Kadir artık Tamer’in bu halinden bıkmış ve bir şeyler öğrenmeyi kafasına koymuştu.Bir kez daha dürttü onu.’’Sana diyorum.Ne için hiç bir şey söylemiyorsun ? Sana yardım etmeye çalış..’’ Tamer’in kendini dinlemediğini fark edince ona daha da yaklaştı ve yüksek bir ses tonuyla ‘’ Bu halin senden başka kimseye zarar vermiyor.Kendini yıpratıyorsun.Beni iyi dinle.Sen ve şu özel sorunların…Hiç ama hiçbiri umurum da değil.Sadece araştırmayı düşünüyorum.Ve bu halde bizi de deney süresini de olumsuz etkiliyorsun…’’ Biranda anlamsız bir öfkeye kapılmış oldukça sinirli bir şekilde ‘’ Hemen,çabuk,en kısa zamanda kendi topla.Bunu bir arkadaşın olarak değil senden üst kademedeki biri olarak emr ediyorum.’’ Diyerek Tamer’in kendini toparlamasını artık bazı konularda değişmesini sağlamaya çalışıyordu.Ama öfkesi numara değildi.Cümlesini bile düzgün kuramamıştı.Belki bir şeye kızmış belki de şuan için Tamer’e gerçekten sinirlenmişti.Ama bunların hiçbiri Tamer’i etkilememişti…

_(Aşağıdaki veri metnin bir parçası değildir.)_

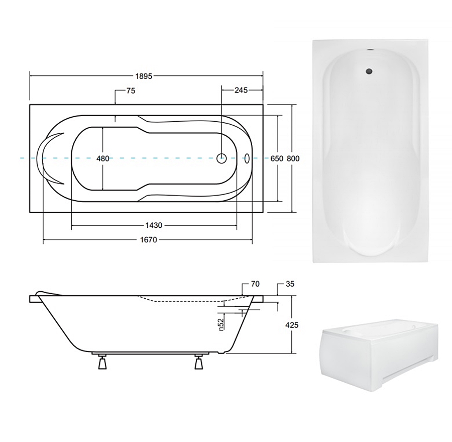 Дно ванни має 4 ребра жорсткості і додатково укріплене плитою ДСП, 18 мм завтовшки.Акрил, товщиною по борту 4-5 мм з потовщенням по дну 6-8 мм, витримує навантаження 300 - 350 кг.Ванна "BONA" важить всього лише 23 кг, об’ємна вага - 152 л. Ванна «BONA» додатково комплектується ніжками.

Kadir’in bağırarak söylediği bütün şeyler ve onu resmen tehdit etmesi Tamer’in hal ve hareketlerinde en ufak bir değişime sebep olmamıştı.En azından o an için.Ama kendisinin bu çıkış karşısında bir cevap vermesi gerektiğini biliyordu.Bir an için donuk bakışlarını Kadir’in üzerinde tuttuktan sonra ondan daha hiddetli bir şekilde ‘’Hiçbiriniz veyahut hiçbir şey umurum da değil.Ne düşündüğüm ya da ne halde olduğum da hiçbiriniz ilgilendirmez.Ve emin ol Kadir,beni bu şekilde korkutamazsın.’’ dedi ve bir sarhoş gibi masadan masaya çarparak lokantayı terk etti…

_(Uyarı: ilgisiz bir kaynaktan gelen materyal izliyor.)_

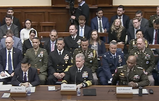 미국 존 노 국방부 인도·태평양 안보 담당 차관보 대행(왼쪽부터)·새뮤얼 파파로 인도·태평양 사령관·제이비어 브런스 주한미군 사령관이 9일(현지시간) 미국 워싱턴 D.C. 연방의회 의사당에서 진행된 하원 군사위원회 청문회에서 증언하고 있다./청문회 영상 캡처 |

Bu çıkış karşısında oldukça şaşıran Kadir ne söyleyeceğini bilemeden dona kalmıştı.Kısa bir süre o şekilde kaldıktan sonra Cemal’e ‘’Bu adamı anlamıyorum.Çok çok tuhaf biri’’ dedi parmağında ki yüzükle oynarken.Cemal’de onu onaylarcasına kafasını salladı.Tayfun’da bunun üzerine ‘’Anlaşılmaz biri.Ve bir derdi olduğunda hiç çekilmiyor’’Diyerek onları onayladığını belirtti.Kısa bir süre daha bu konu hakkında konuştuktan sonra hep birlikte lokantadan çıktılar…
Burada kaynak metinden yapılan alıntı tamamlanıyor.